Month in Review: December 2017

The December Narrative

December saw global equity markets continue their unprecedented streak of consecutive positive months, closing out at record highs in an 8th consecutive year of the bull market.  During the month, the DJIA added to its tally of over 70 record closes in 2017 – the most it’s had since 1995.  Synchronized global growth coupled with benign inflation, accommodative policy, and strong corporate profits pushed stocks, bonds, and commodities higher.  A significant influence during the month was the tax reform package which amounts to approximately $1.4t worth of fiscal stimulus.  Bonds overcame interest rates creeping slightly higher thanks to a further tightening of credit spreads.  2018 is setting up a what looks like a tug-of-war between improving economic conditions versus sustained low inflation with the ever-present backdrop of the catalysts brewing in Europe, North Korea, and monetary policy trajectory.

Market Anecdotes

  • The tax reform bill, one of the primary driving forces behind the financial markets for the past two months, came to fruition towards the end of December.  The bill packed a bigger punch due to the front end loaded nature of the cuts – Wharton estimated companies will pay an average effective tax rate of 9% next year but in 10 years, baring changes, that will double back to 18%.
  • Tax bill highlights include reduction of corporate taxes from 35% to 21%, eliminating tax-exempt nature of pre-refunded municipal bonds (23% of the market), elimination of personal exemptions/increase in standard deductions, reduction of SALT/mortgage interest deductions, reduction of individual marginal rates, and curtailing AMT exposure.
  • The Fed hiked rates for a third time this year in December which was Janet Yellen’s final meeting as Fed Chair.  Of interest to markets was the non-unanimous 7-2 vote along with the discussion that the tax bill stimulus may elevate pressure to increase the pace of rate hikes in 2018.  They did, however, reaffirm their stated course for three hikes in 2018 and two in 2019.
  • Still no volatility.  The S&P 500 finished the year during the longest streak without either a 3% or 5% correction on record.  Meanwhile, the 165-day trading range of 30-year U.S. Treasuries reached their tightest trading range in recorded history, a mere 31.4 basis points.
  • The yield curve continued to flatten during the month as short-term yields priced in the Fed rate hike while long term yields continued to question growth and inflation outcomes.  The 10-yr UST finished the year nearly where it started at 2.4% while the 30-yr UST yield fell meaningfully from the 3.08% level where it started the year.  Both 3-month and 2-year yields moved notably higher for the month and calendar year 2017.
  • Month end riots in Iran, tightening supply, and strong demand pushed oil prices above $60 for the first time since 2014.  The EIA has reported eight consecutive weekly crude oil inventory drawdowns, now at levels 13.2% lower than this time last year.
  • The ECB started to trim its QE programme in 2017 and is expected to end it altogether in 2018. Even the BoJ is expected to raise its bond yield target slightly this year.  It seems there are few central banks available to pick up the monetary stimulus baton, setting up a potentially anxious year for the world’s bond markets.

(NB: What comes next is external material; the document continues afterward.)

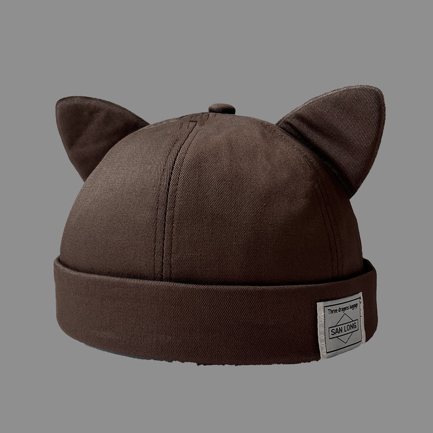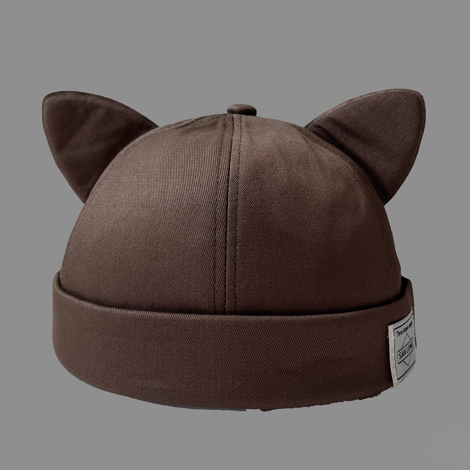여름 여성을 위한 일본의 새로운 귀엽고 다재다능한 고양이 귀 멜론 스킨 모자 한국식 챙 없는 돔 재패니즈 모자 트렌디한 주인 모자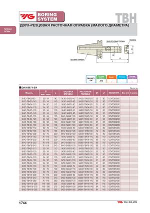 BORINGSYSTEM TBH ДВУХ-РЕЗЦОВАЯ РАСТОЧНАЯ ОПРАВКА (МАЛОГО ДИАМЕТРА) Расточные системы Ст. точн.DIN 69871конусаБалансир. G Частота вращ. Системаохлаждения - SK AT3 – – – ■DIN 69871-SK Ед.изм.:мм Модель D LМин - МаксБАЗОВАЯОПРАВКАРАСТОЧНАЯГОЛОВКА D1 L1 ПЛАСТИНА Вес (кг) В наличии SK30 TBH25 90 25 34 90 SK30 SAS22 40 SAS22 TBH25 50 22 50 CCMT060200 SK30 TBH25 140 25 34 140 SK30 SAS22 90 SAS22 TBH25 50 22 50 CCMT060200 SK30 TBH34 110 34 50 110 SK30 SAS31 50 SAS31 TBH34 60 31 60 CCMT060200 SK30 TBH34 150 34 50 150 SK30 SAS31 90 SAS31 TBH34 60 31 60 CCMT060200 SK40 TBH25 100 25 34 100 SK40 SAS22 50 SAS22 TBH25 50 22 50 CCMT060200 SK40 TBH25 140 25 34 140 SK40 SAS22 90 SAS22 TBH25 50 22 50 CCMT060200 SK40 TBH25 155 25 34 155 SK40 SAS22 105 SAS22 TBH25 50 22 50 CCMT060200 SK40 TBH34 120 34 50 120 SK40 SAS31 60 SAS31 TBH34 60 31 60 CCMT060200 SK40 TBH34 160 34 50 160 SK40 SAS31 100 SAS31 TBH34 60 31 60 CCMT060200 SK40 TBH34 180 34 50 180 SK40 SAS31 120 SAS31 TBH34 60 31 60 CCMT060200 SK40 TBH50 140 50 76 140 SK40 SAS42 60 SAS42 TBH50 80 42 80 CCMT09T300 SK40 TBH50 185 50 76 185 SK40 SAS42 105 SAS42 TBH50 80 42 80 CCMT09T300 SK40 TBH50 200 50 76 200 SK40 SAS42 120 SAS42 TBH50 80 42 80 CCMT09T300 SK40 TBH76 180 76 116 180 SK40 SAS65 70 SAS65 TBH76 110 65 110 CCMT120400 SK40 TBH76 200 76 116 200 SK40 SAS65 90 SAS65 TBH76 110 65 110 CCMT120400 SK40 TBH76 220 76 116 220 SK40 SAS65 110 SAS65 TBH76 110 65 110 CCMT120400 SK40 TBH76 240 76 116 240 SK40 SAS65 130 SAS65 TBH76 110 65 110 CCMT120400 SK50 TBH25 110 25 34 110 SK50 SAS22 60 SAS22 TBH25 50 22 50 CCMT060200 SK50 TBH25 130 25 34 130 SK50 SAS22 80 SAS22 TBH25 50 22 50 CCMT060200 SK50 TBH25 150 25 34 150 SK50 SAS22 100 SAS22 TBH25 50 22 50 CCMT060200 SK50 TBH34 130 34 50 130 SK50 SAS31 70 SAS31 TBH34 60 31 60 CCMT060200 SK50 TBH34 160 34 50 160 SK50 SAS31 100 SAS31 TBH34 60 31 60 CCMT060200 SK50 TBH34 190 34 50 190 SK50 SAS31 130 SAS31 TBH34 60 31 60 CCMT060200 SK50 TBH50 150 50 76 150 SK50 SAS42 70 SAS42 TBH50 80 42 80 CCMT09T300 SK50 TBH50 190 50 76 190 SK50 SAS42 110 SAS42 TBH50 80 42 80 CCMT09T300 SK50 TBH50 240 50 76 240 SK50 SAS42 150 SAS42 TBH50 80 42 80 CCMT09T300 SK50 TBH76 200 76 116 200 SK50 SAS65 90 SAS65 TBH76 110 65 110 CCMT120400 SK50 TBH76 240 76 116 240 SK50 SAS65 130 SAS65 TBH76 110 65 110 CCMT120400 SK50 TBH76 280 76 116 280 SK50 SAS65 170 SAS65 TBH76 110 65 110 CCMT120400 SK50 TBH116 225 116 156 225 SK50 SAS84 80 SAS84 TBH116 145 84 145 CCMT120400 SK50 TBH116 275 116 156 275 SK50 SAS84 130 SAS84 TBH116 145 84 145 CCMT120400 SK50 TBH116 325 116 156 325 SK50 SAS84 180 SAS84 TBH116 145 84 145 CCMT120400 1744

Economic Release Highlights

  • December retail sales came in slightly weaker than expected but were roughly the same as the past few months.  The 3m/3m rates in November (12.2%) and December (11.3%) are the strongest we’ve seen since 2009.
  • CPI has started to tick higher after a serious soft patch in 2017.  December year over year headline and core CPI came in on the high end of expectations, increasing 2.1% and 1.8% respectively.
  • December’s employment report was somewhat disappointing, registering 148k versus 190k expected.  A closer look however shows a BLS change in the seasonal adjustment figure for December accounted for a -133k influence on the result.
  • December ISM manufacturing registered 59.7, headlined by a 14-year high for new orders.  New export orders also climbed higher to 58.5, a strong reading on overseas appetite for U.S. goods. The ISM non-manufacturing composite index declined to 55.9, missing expectations for 57.6.
  • After posting back-to-back 17-year highs, the consumer confidence index cooled slightly in the December report, to 122.1 vs a revised 128.6 in November and 126.2 in October.